What you return should be the full listing, word for word, without a single image.

(DATA EXCERPT begins)

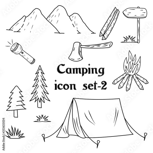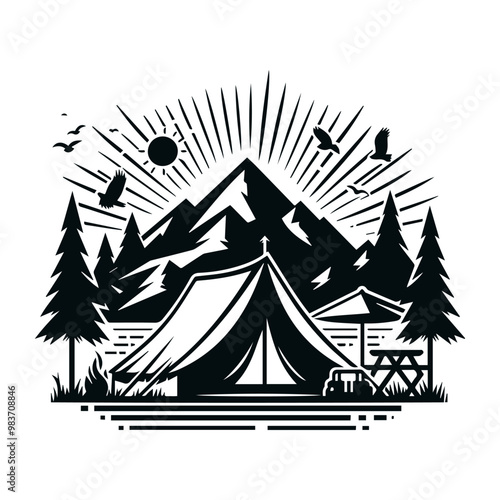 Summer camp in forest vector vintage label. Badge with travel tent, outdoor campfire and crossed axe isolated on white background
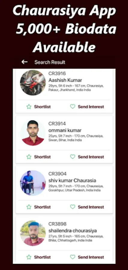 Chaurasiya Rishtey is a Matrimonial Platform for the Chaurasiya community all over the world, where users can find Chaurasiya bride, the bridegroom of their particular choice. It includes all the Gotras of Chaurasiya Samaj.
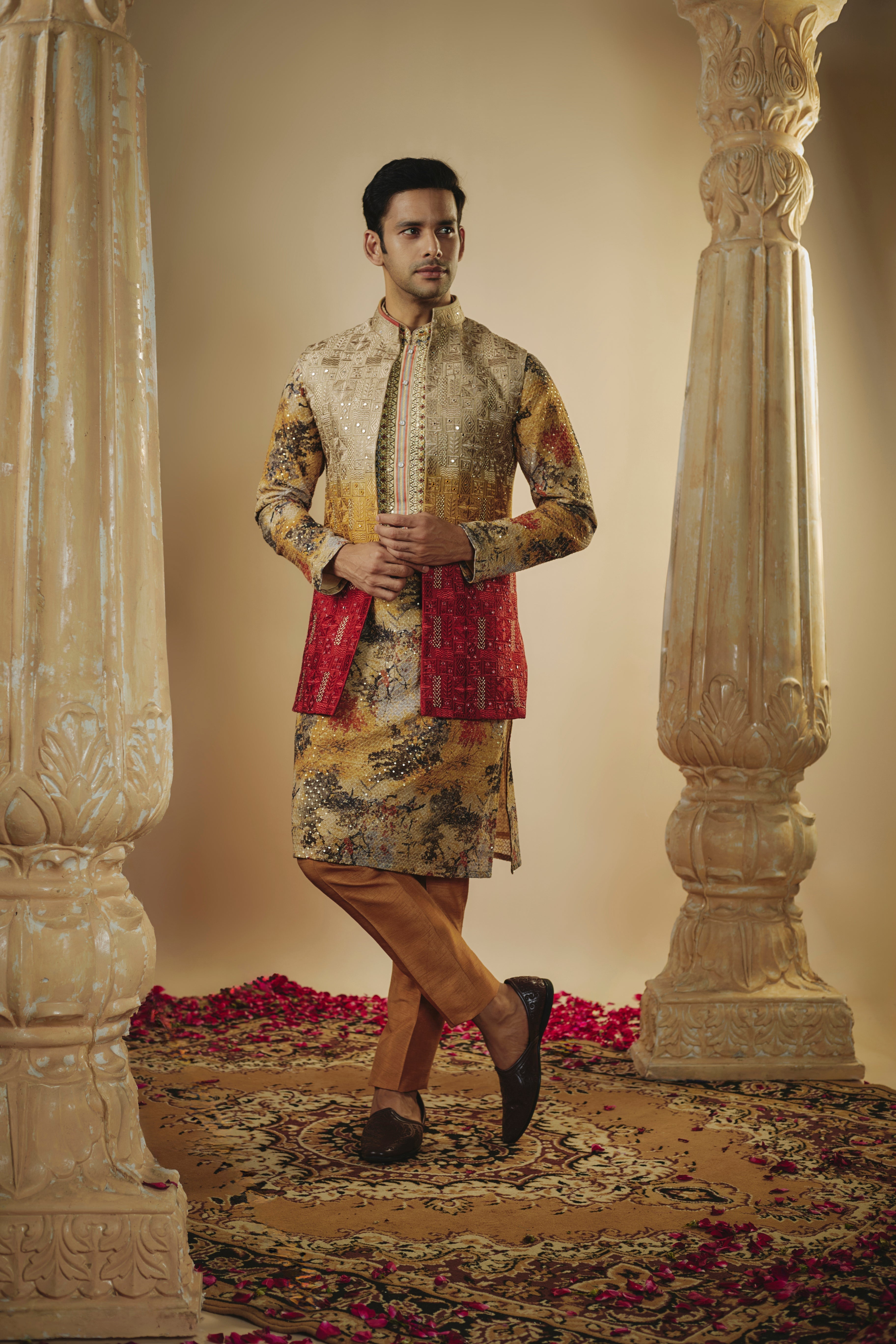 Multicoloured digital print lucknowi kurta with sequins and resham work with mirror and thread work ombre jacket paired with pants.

(DATA EXCERPT ends)

- YOUR RESPONSE -
 Summer camp in forest vector vintage label. Badge with travel tent, outdoor campfire and crossed axe isolated on white background
 Chaurasiya Rishtey is a Matrimonial Platform for the Chaurasiya community all over the world, where users can find Chaurasiya bride, the bridegroom of their particular choice. It includes all the Gotras of Chaurasiya Samaj.
 Multicoloured digital print lucknowi kurta with sequins and resham work with mirror and thread work ombre jacket paired with pants.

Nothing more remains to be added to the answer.